Copy all records exactly; omit pictures.

───

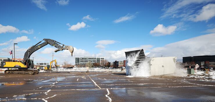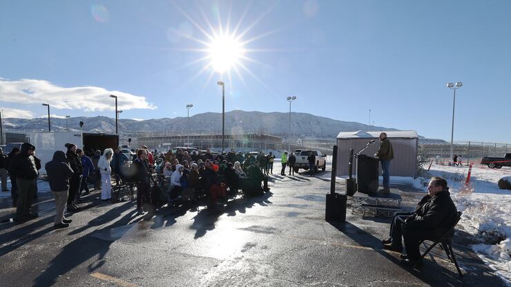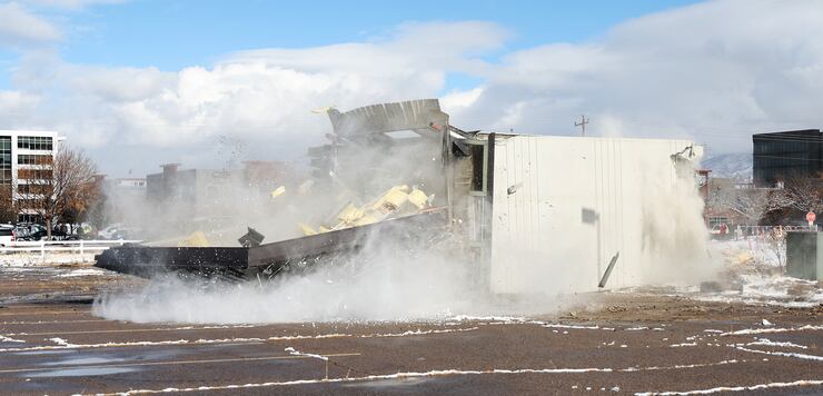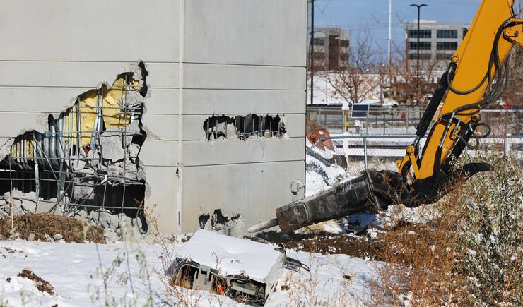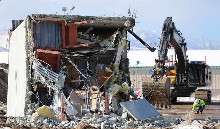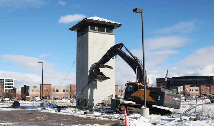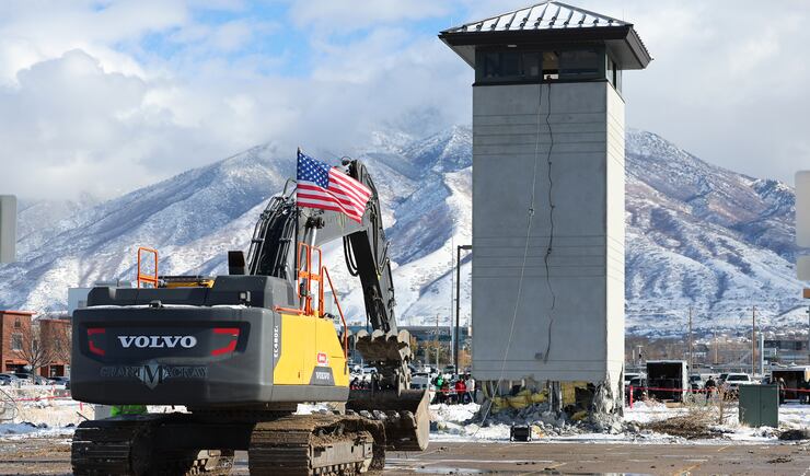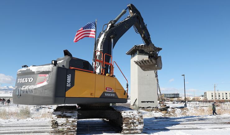 The demolition began shortly thereafter, although the guard tower refused to give way at first. More than 100 people waited in the cold, including several state lawmakers, former Utah House Speaker Greg Hughes, and several parents who brought their young kids to witness the spectacle.
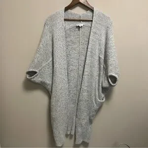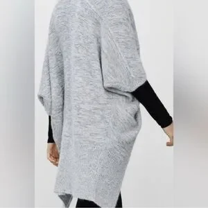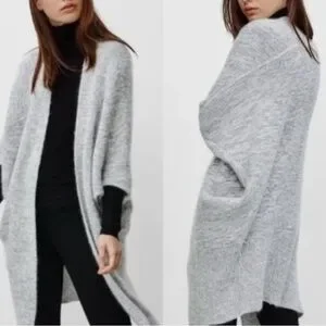 Elegant heather gray Javier cocoon cardigan by Aritzia’s Babaton. Soft knit texture made from wool, alpaca, mohair and polymide. Draped open-front design and dolman sleeves. Oversized XXS so this cardigan easily fits up to a women’s large. Ideal for layering. This classic design will stand the test of time.
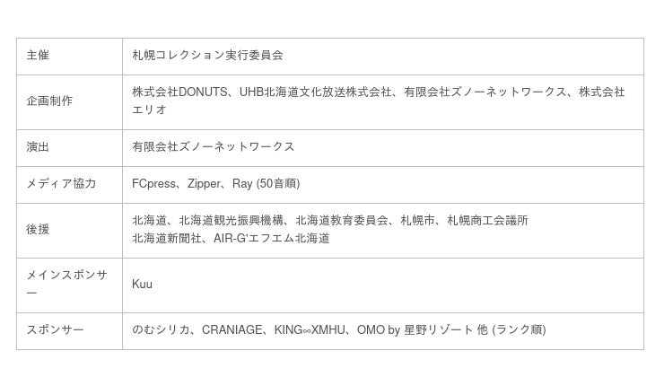 『札幌コレクション』(略称:サツコレ)は、2007年の初開催から今回で17回目を迎えるファッション&カルチャーイベントです。北海道・札幌でアパレルやビューティー業界に関わる地元スタッフを中心に、札幌のマーケット活性化を目的として毎年開催しています。
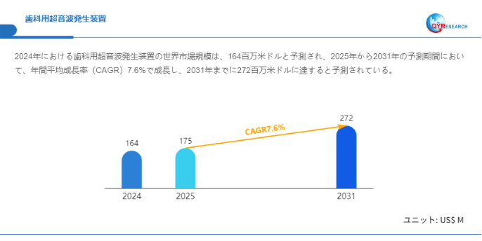 QYResearchが発表した新たな市場調査レポート「歯科用超音波発生装置―グローバル市場シェアとランキング、全体の売上と需要予測、2025~2031」によると、世界の歯科用超音波発生装置市場規模は2024年の約164百万米ドルから2025年の175百万米ドルへと順調に拡大すると見込まれ、予測期間中は年平均成長率(CAGR)4.7%で成長し、2031年には272百万米ドルに達すると予測されている。
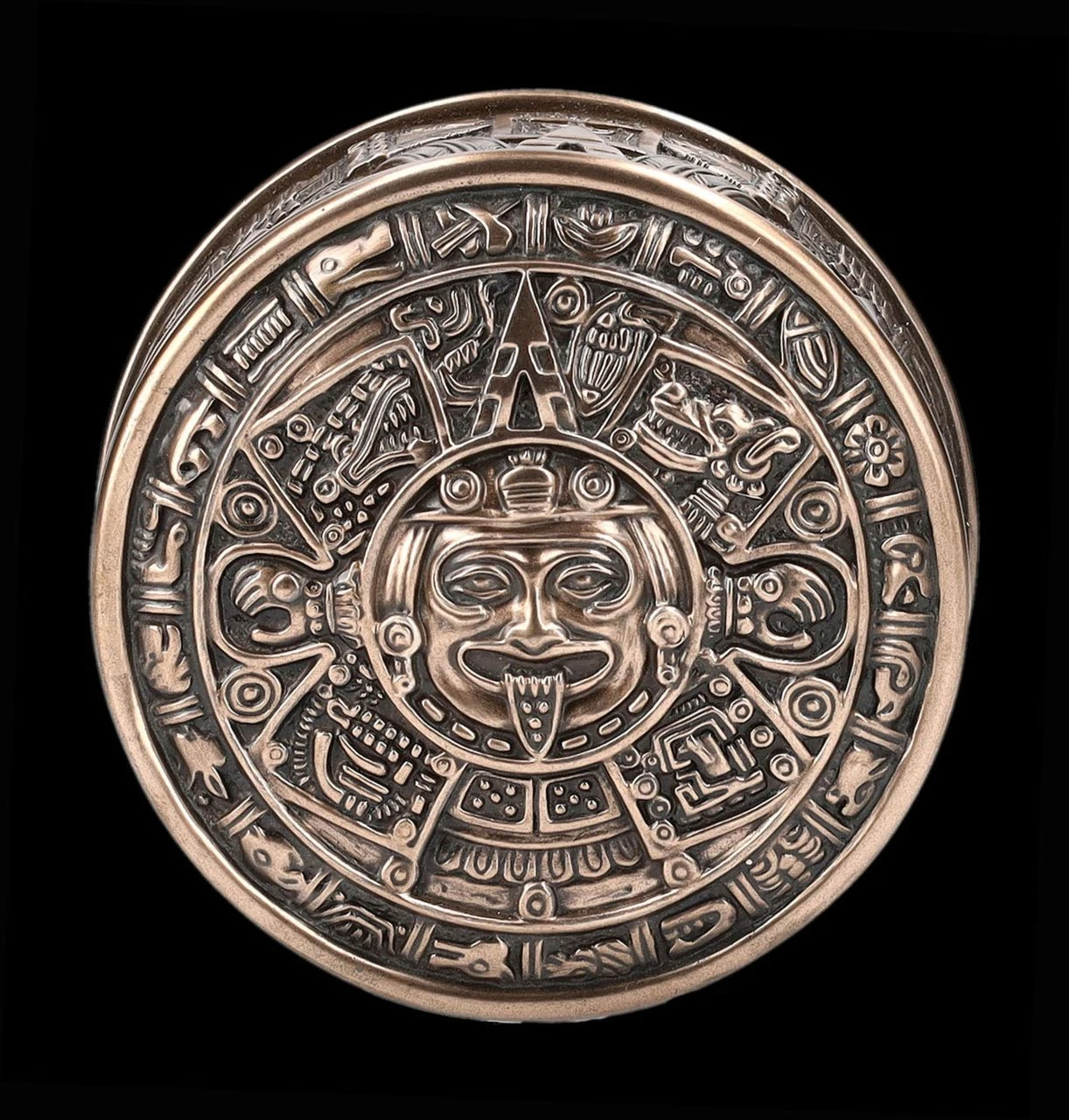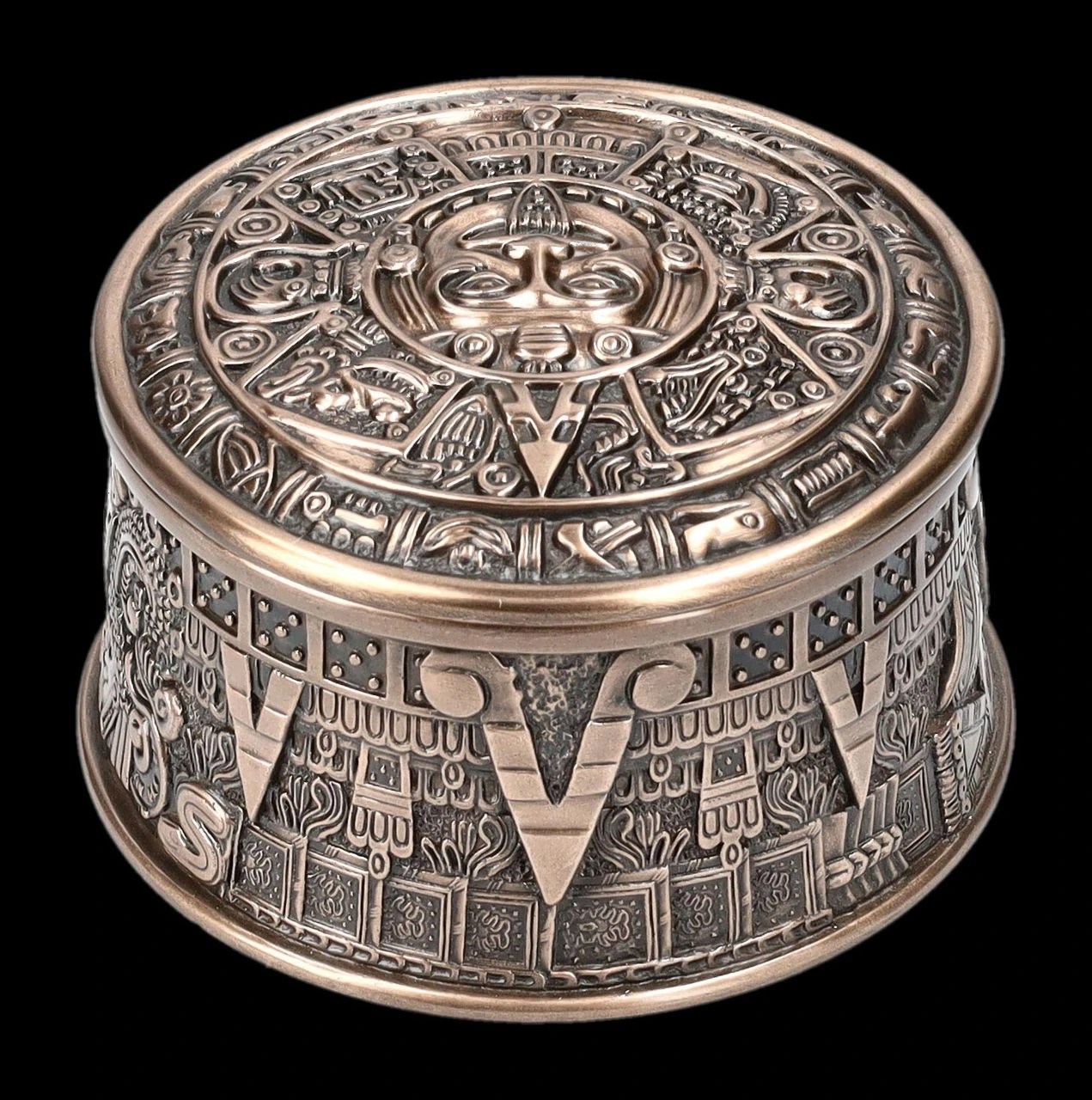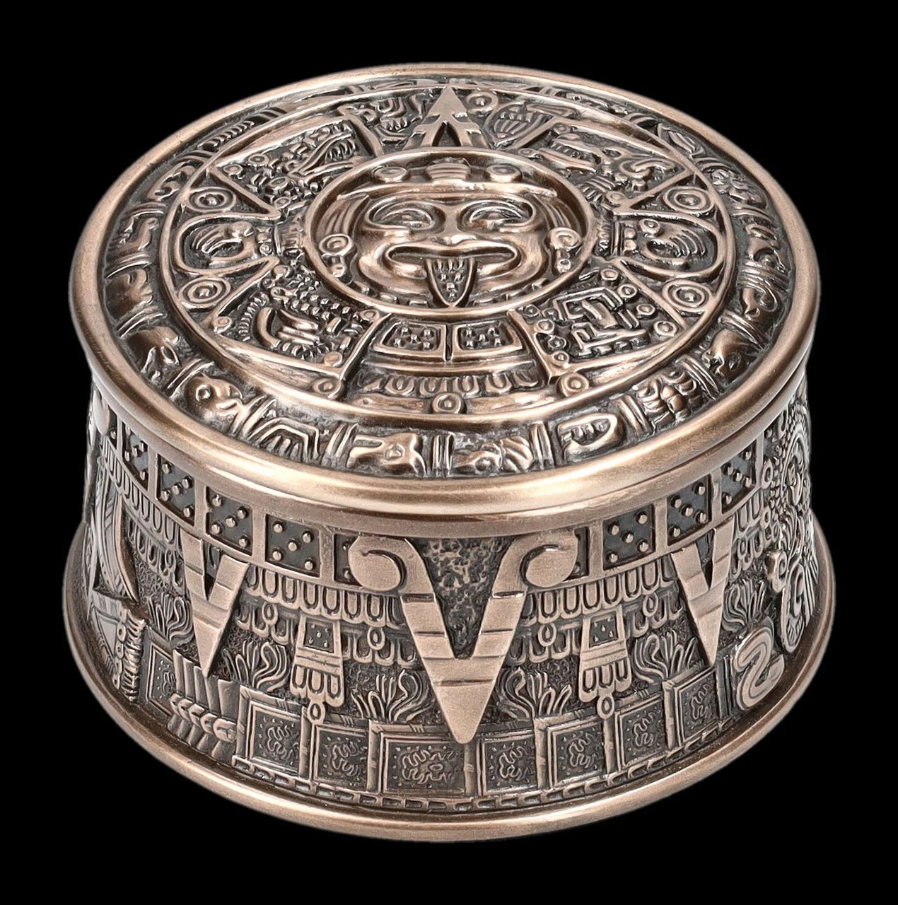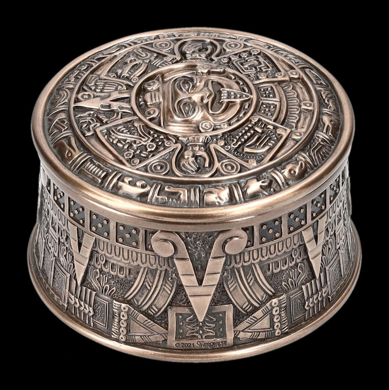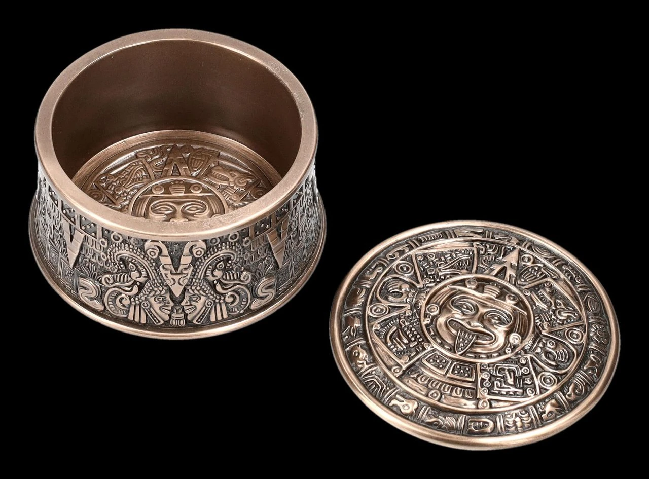 Ob kleine Kostbarkeiten oder auch Räucherwerk – in dieser 6 cm hohen Schatulle mit dem Durchmesser von 10 cm ist alles gut aufgehoben. Mit dem Azteken Sonnenkalender auf dem Deckel und den plastischen Verzierungen ist diese edel bronzierte Schatulle aus der Studio Collection von Veronese auch ein Blickfang und ein wunderbares Geschenk für jeden, der von der Kultur der Azteken fasziniert ist. Die fantastische Schatulle wurde aus hochwertigem Kunststein (Polyresin) gefertigt und ist mit den Innenmaßen von 4 cm Höhe und dem Durchmesser von 7,5 cm zum Beispiel auch als Verpackung für ein besonderes Geschenk hervorragend geeignet.
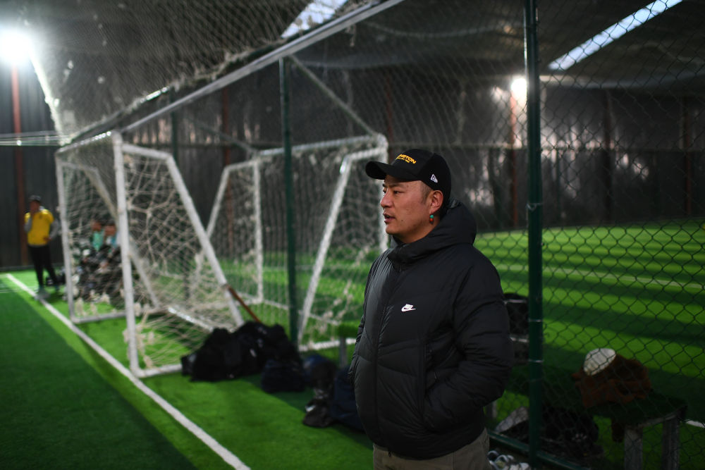 3月2日,在玉樹州玉樹市一處室內(nèi)球場(chǎng),玉樹康巴野牦牛足球隊(duì)領(lǐng)隊(duì)格萊永培觀看比賽。新華社記者 張宏祥 攝
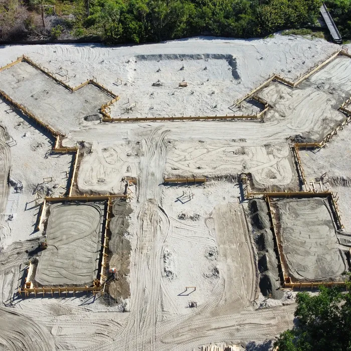 This magnificent estate encompasses seven bedrooms and eleven bathrooms across its expansive multi-wing design, strategically positioned to maximize panoramic ocean views and pristine beachfront access. The aerial construction documentation reveals the impressive scale and technical complexity, showcasing multiple building sections connected by covered walkways and courtyards, all built directly on crystal-clear oceanfront property. The project required precise coordination of foundation work, concrete placement, and framing systems while managing the logistical challenges of beachfront construction, including material delivery and environmental considerations for this sensitive coastal location
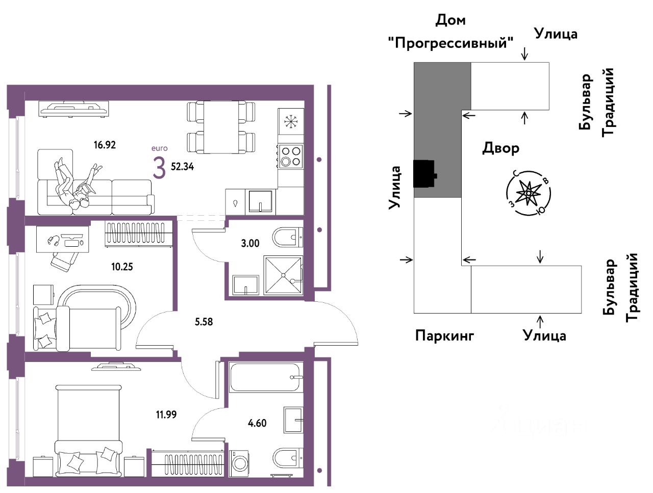 Продается 3комнатная квартира на 13 этаже от застройщика Страна Девелопмент. Площадь квартиры 52,34 кв. м.
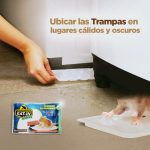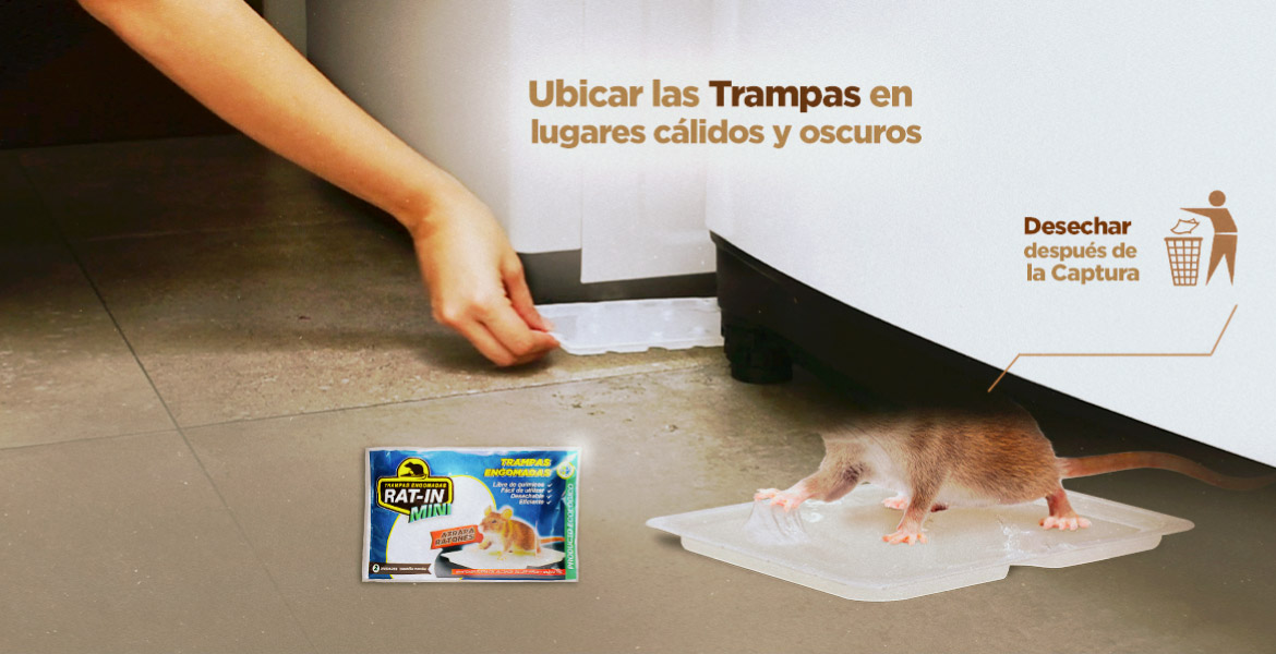 Coloque las Trampas Engomadas de RAT-IN MINI, en intervalos de un metro de distancia entre trampas, en lugares como: detrás de refrigeradoras, estufas, lavadoras, a lo largo de las rastreras, las esquinas y sobre todo los tumbados lejos del alcance de niños y mascotas. Revisar la trampa engomada cada 24 horas.
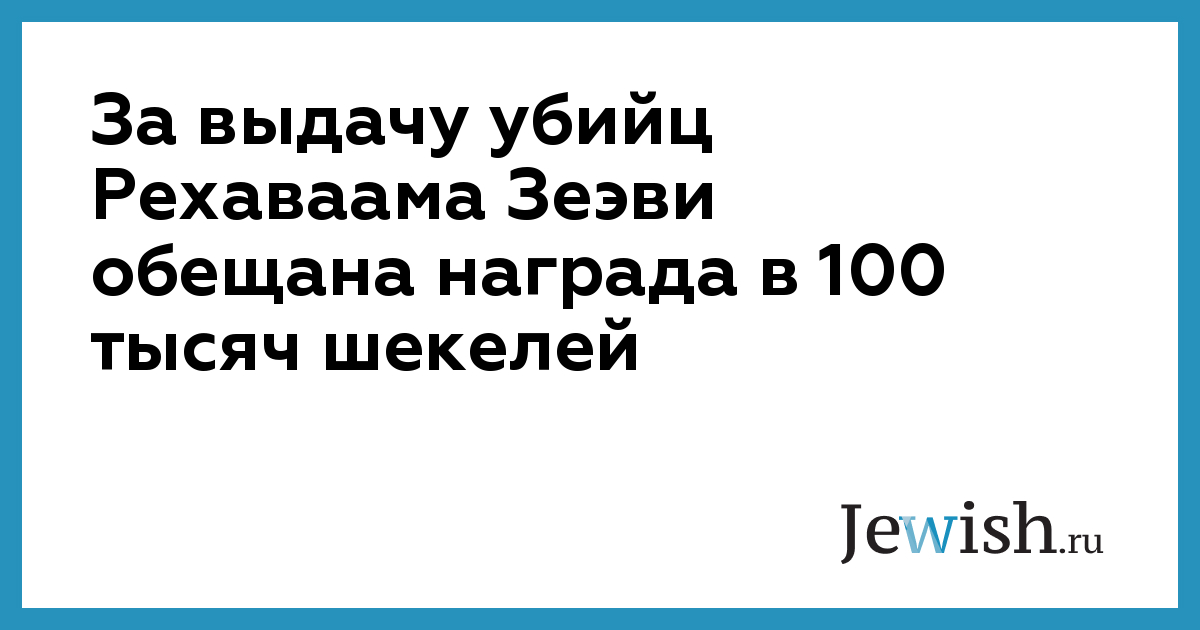 За выдачу убийц Рехаваама Зеэви обещана награда в 100 тысяч шекелей
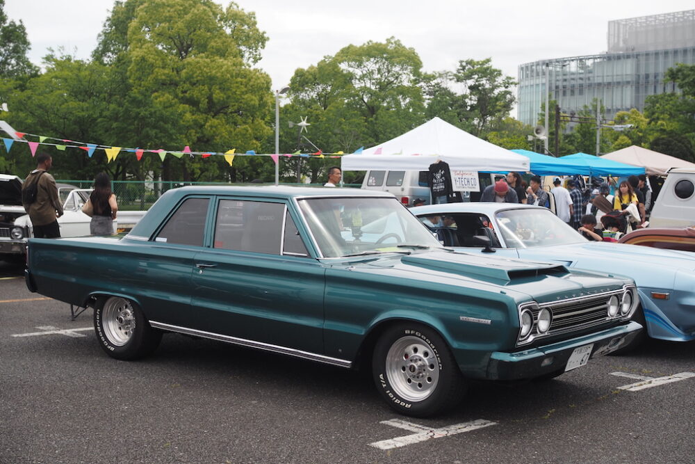 1967年式プリムス・ベルベデア。2ドアポストセダンという何の変哲もないボディに強力なエンジンを積んでいることは盛り上がったエンジンフードで想像ができる。ホイールは社外品でお化粧済み。

───

- _Completed task_:
 The demolition began shortly thereafter, although the guard tower refused to give way at first. More than 100 people waited in the cold, including several state lawmakers, former Utah House Speaker Greg Hughes, and several parents who brought their young kids to witness the spectacle.
 Elegant heather gray Javier cocoon cardigan by Aritzia’s Babaton. Soft knit texture made from wool, alpaca, mohair and polymide. Draped open-front design and dolman sleeves. Oversized XXS so this cardigan easily fits up to a women’s large. Ideal for layering. This classic design will stand the test of time.
 『札幌コレクション』(略称:サツコレ)は、2007年の初開催から今回で17回目を迎えるファッション&カルチャーイベントです。北海道・札幌でアパレルやビューティー業界に関わる地元スタッフを中心に、札幌のマーケット活性化を目的として毎年開催しています。
 QYResearchが発表した新たな市場調査レポート「歯科用超音波発生装置―グローバル市場シェアとランキング、全体の売上と需要予測、2025~2031」によると、世界の歯科用超音波発生装置市場規模は2024年の約164百万米ドルから2025年の175百万米ドルへと順調に拡大すると見込まれ、予測期間中は年平均成長率(CAGR)4.7%で成長し、2031年には272百万米ドルに達すると予測されている。
 Ob kleine Kostbarkeiten oder auch Räucherwerk – in dieser 6 cm hohen Schatulle mit dem Durchmesser von 10 cm ist alles gut aufgehoben. Mit dem Azteken Sonnenkalender auf dem Deckel und den plastischen Verzierungen ist diese edel bronzierte Schatulle aus der Studio Collection von Veronese auch ein Blickfang und ein wunderbares Geschenk für jeden, der von der Kultur der Azteken fasziniert ist. Die fantastische Schatulle wurde aus hochwertigem Kunststein (Polyresin) gefertigt und ist mit den Innenmaßen von 4 cm Höhe und dem Durchmesser von 7,5 cm zum Beispiel auch als Verpackung für ein besonderes Geschenk hervorragend geeignet.
 3月2日,在玉樹州玉樹市一處室內(nèi)球場(chǎng),玉樹康巴野牦牛足球隊(duì)領(lǐng)隊(duì)格萊永培觀看比賽。新華社記者 張宏祥 攝
 This magnificent estate encompasses seven bedrooms and eleven bathrooms across its expansive multi-wing design, strategically positioned to maximize panoramic ocean views and pristine beachfront access. The aerial construction documentation reveals the impressive scale and technical complexity, showcasing multiple building sections connected by covered walkways and courtyards, all built directly on crystal-clear oceanfront property. The project required precise coordination of foundation work, concrete placement, and framing systems while managing the logistical challenges of beachfront construction, including material delivery and environmental considerations for this sensitive coastal location
 Продается 3комнатная квартира на 13 этаже от застройщика Страна Девелопмент. Площадь квартиры 52,34 кв. м.
 Coloque las Trampas Engomadas de RAT-IN MINI, en intervalos de un metro de distancia entre trampas, en lugares como: detrás de refrigeradoras, estufas, lavadoras, a lo largo de las rastreras, las esquinas y sobre todo los tumbados lejos del alcance de niños y mascotas. Revisar la trampa engomada cada 24 horas.
 За выдачу убийц Рехаваама Зеэви обещана награда в 100 тысяч шекелей
 1967年式プリムス・ベルベデア。2ドアポストセダンという何の変哲もないボディに強力なエンジンを積んでいることは盛り上がったエンジンフードで想像ができる。ホイールは社外品でお化粧済み。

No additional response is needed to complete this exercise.